(Collection entries)
* * * * * * * * *
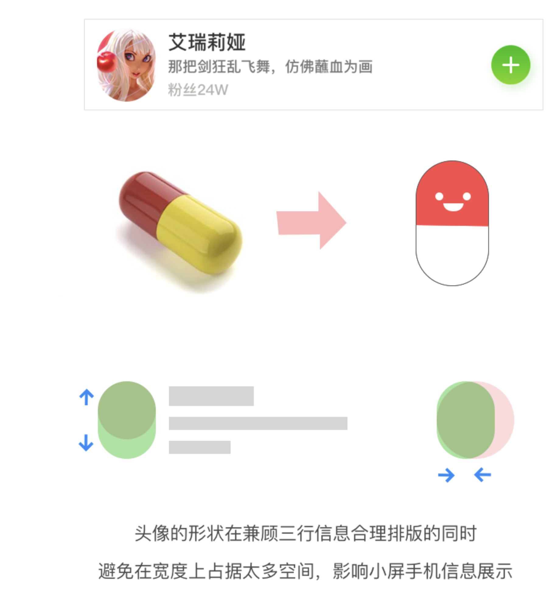 - 頭像形狀:首創(chuàng)膠囊形頭像,兼顧三行信息排版,避免小屏手機(jī)寬度占用過(guò)多空間。
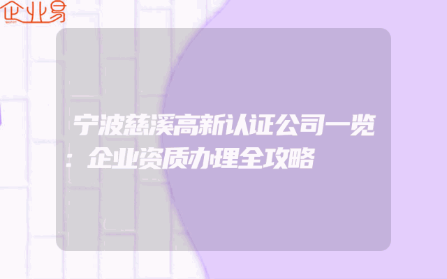 - 宁波慈溪高新认证公司一览:企业资质办理全攻略
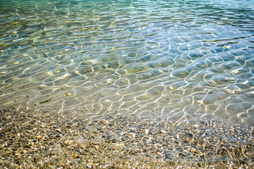 Ripples of the crystal clear shallow water surface, on a stony beach of Lake outdoor summer backgrounds.
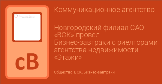Новгородский филиал САО «ВСК» провел Бизнес-завтраки с риелторами агентства недвижимости «Этажи»
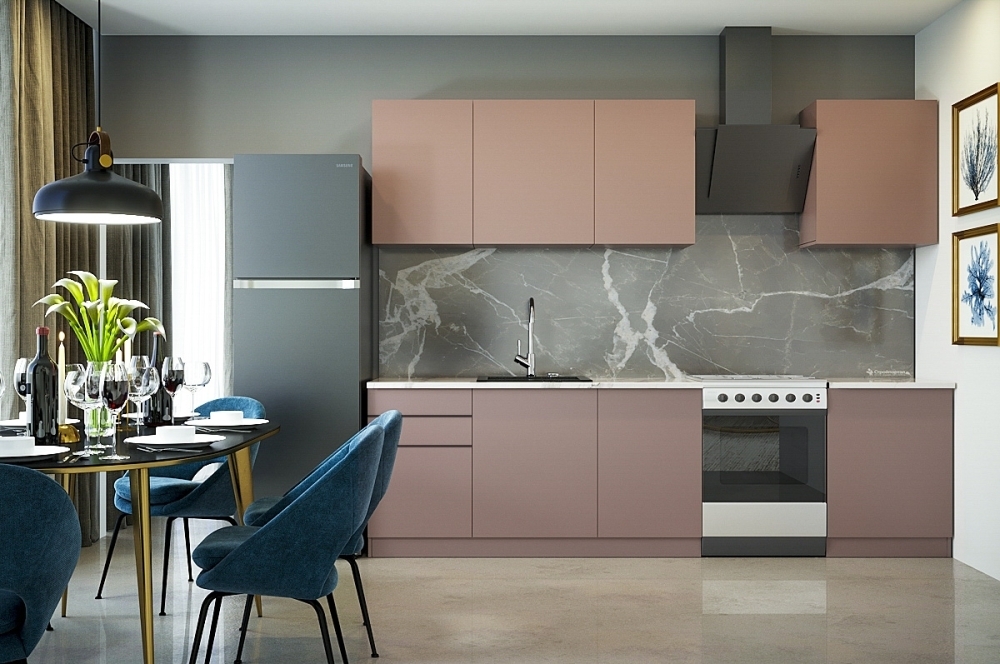 Ручки, столешница, стеновая панель, мойка, смеситель и бытовая техника продаются отдельно.
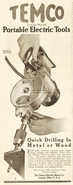 1919 Temco Electric Motor Co Print Ad: Portable Drill Leipsic Ohio Vintage Tool
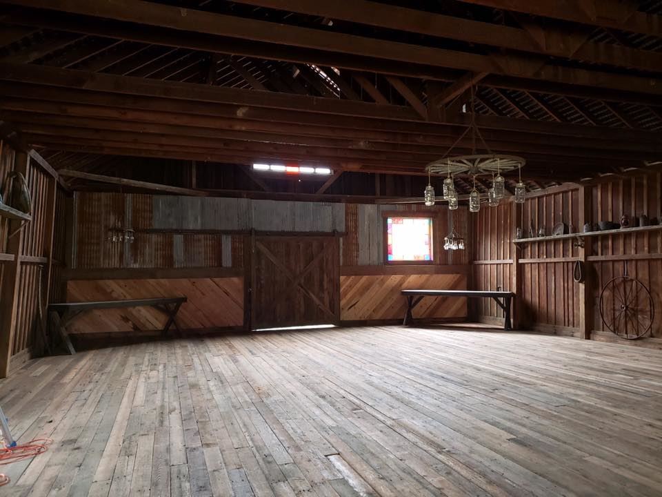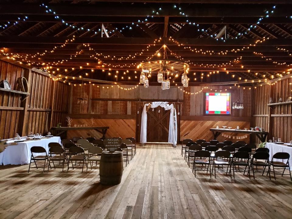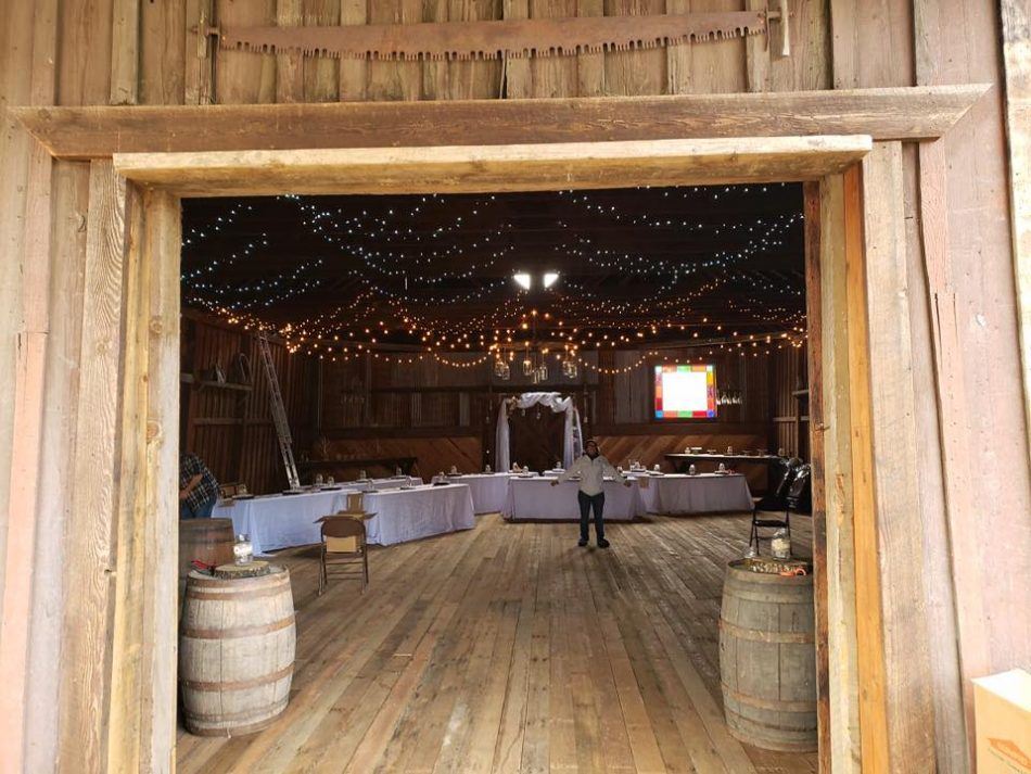 The Stockyard Social hall is the perfect place for a Weddings, events, banquets, dances and more. Experience the magic. A simple old Barn turned into a magical place to make memories. It has 2400 Sq Ft enclosed with exposed ceilings, interior board and baton over a mortise and tenon timber Fram with large sliding door access on all four sides. 1 lean-to at 600 Sq ft on the side of the barn is perfect for BBQing. 1200 sq ft of ADA accessible deck with wrought iron accents and wide live edge rails to facilitate casual conversation over drinks and delicacies. 4400 Sq Ft of outside area to expand your wedding into the great outdoors. Beautiful rustic interior original to the 1870 build with period stained glass windows. Rustic farming antiques decorating the walls adds period character. Beautiful wagon wheel chandeliers with soft natural lighting throughout. With room for all your needs The Stockyard Social Hall is open on the date you requested. Whatever your needs are, we can help make your event the best possible.
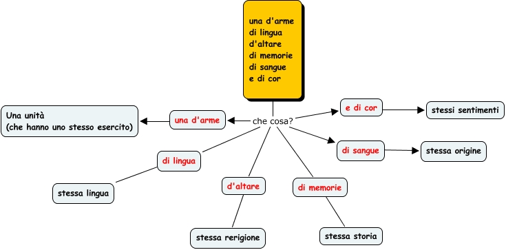 Questa Mappa Concettuale ha informazioni correlate a: definizione di patria (A.Manzoni), una d'arme di lingua d'altare di memorie di sangue e di cor che cosa? di memorie, di lingua ???? stessa lingua, una d'arme di lingua d'altare di memorie di sangue e di cor che cosa? di lingua, una d'arme di lingua d'altare di memorie di sangue e di cor che cosa? una d'arme, una d'arme di lingua d'altare di memorie di sangue e di cor che cosa? d'altare, una d'arme U Una unità (che hanno uno stesso esercito), d'altare ???? stessa rerigione, di memorie ???? stessa storia, di sangue ???? stessa origine, una d'arme di lingua d'altare di memorie di sangue e di cor che cosa? e di cor, e di cor ???? stessi sentimenti, una d'arme di lingua d'altare di memorie di sangue e di cor che cosa? di sangue
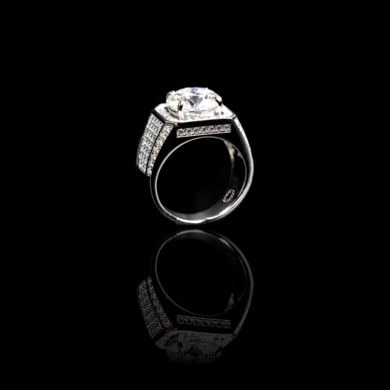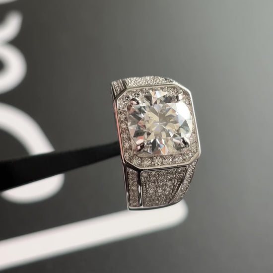 Made from 925 silver, also known as sterling silver, with moissanite stones consisting of 5.1 carat VVS1 clarity cut diamond stones Moissanite diamonds are a level up from cubic zirconia stones and have similar qualities to mined diamonds - and as such, they will pass a basic diamond tester examination. Each moissanite ring comes with a certificate and card of authentication - so you can rest assured knowing that the quality of the diamonds has been tested and authenticated.
* * * * * * * * *
- **Work instruction**: Give back every entry word for word, and drop the pictures as you go.

- **Task answer**:
 - 頭像形狀:首創(chuàng)膠囊形頭像,兼顧三行信息排版,避免小屏手機(jī)寬度占用過(guò)多空間。
 - 宁波慈溪高新认证公司一览:企业资质办理全攻略
 Ripples of the crystal clear shallow water surface, on a stony beach of Lake outdoor summer backgrounds.
Новгородский филиал САО «ВСК» провел Бизнес-завтраки с риелторами агентства недвижимости «Этажи»
 Ручки, столешница, стеновая панель, мойка, смеситель и бытовая техника продаются отдельно.
 1919 Temco Electric Motor Co Print Ad: Portable Drill Leipsic Ohio Vintage Tool
 The Stockyard Social hall is the perfect place for a Weddings, events, banquets, dances and more. Experience the magic. A simple old Barn turned into a magical place to make memories. It has 2400 Sq Ft enclosed with exposed ceilings, interior board and baton over a mortise and tenon timber Fram with large sliding door access on all four sides. 1 lean-to at 600 Sq ft on the side of the barn is perfect for BBQing. 1200 sq ft of ADA accessible deck with wrought iron accents and wide live edge rails to facilitate casual conversation over drinks and delicacies. 4400 Sq Ft of outside area to expand your wedding into the great outdoors. Beautiful rustic interior original to the 1870 build with period stained glass windows. Rustic farming antiques decorating the walls adds period character. Beautiful wagon wheel chandeliers with soft natural lighting throughout. With room for all your needs The Stockyard Social Hall is open on the date you requested. Whatever your needs are, we can help make your event the best possible.
 Questa Mappa Concettuale ha informazioni correlate a: definizione di patria (A.Manzoni), una d'arme di lingua d'altare di memorie di sangue e di cor che cosa? di memorie, di lingua ???? stessa lingua, una d'arme di lingua d'altare di memorie di sangue e di cor che cosa? di lingua, una d'arme di lingua d'altare di memorie di sangue e di cor che cosa? una d'arme, una d'arme di lingua d'altare di memorie di sangue e di cor che cosa? d'altare, una d'arme U Una unità (che hanno uno stesso esercito), d'altare ???? stessa rerigione, di memorie ???? stessa storia, di sangue ???? stessa origine, una d'arme di lingua d'altare di memorie di sangue e di cor che cosa? e di cor, e di cor ???? stessi sentimenti, una d'arme di lingua d'altare di memorie di sangue e di cor che cosa? di sangue
 Made from 925 silver, also known as sterling silver, with moissanite stones consisting of 5.1 carat VVS1 clarity cut diamond stones Moissanite diamonds are a level up from cubic zirconia stones and have similar qualities to mined diamonds - and as such, they will pass a basic diamond tester examination. Each moissanite ring comes with a certificate and card of authentication - so you can rest assured knowing that the quality of the diamonds has been tested and authenticated.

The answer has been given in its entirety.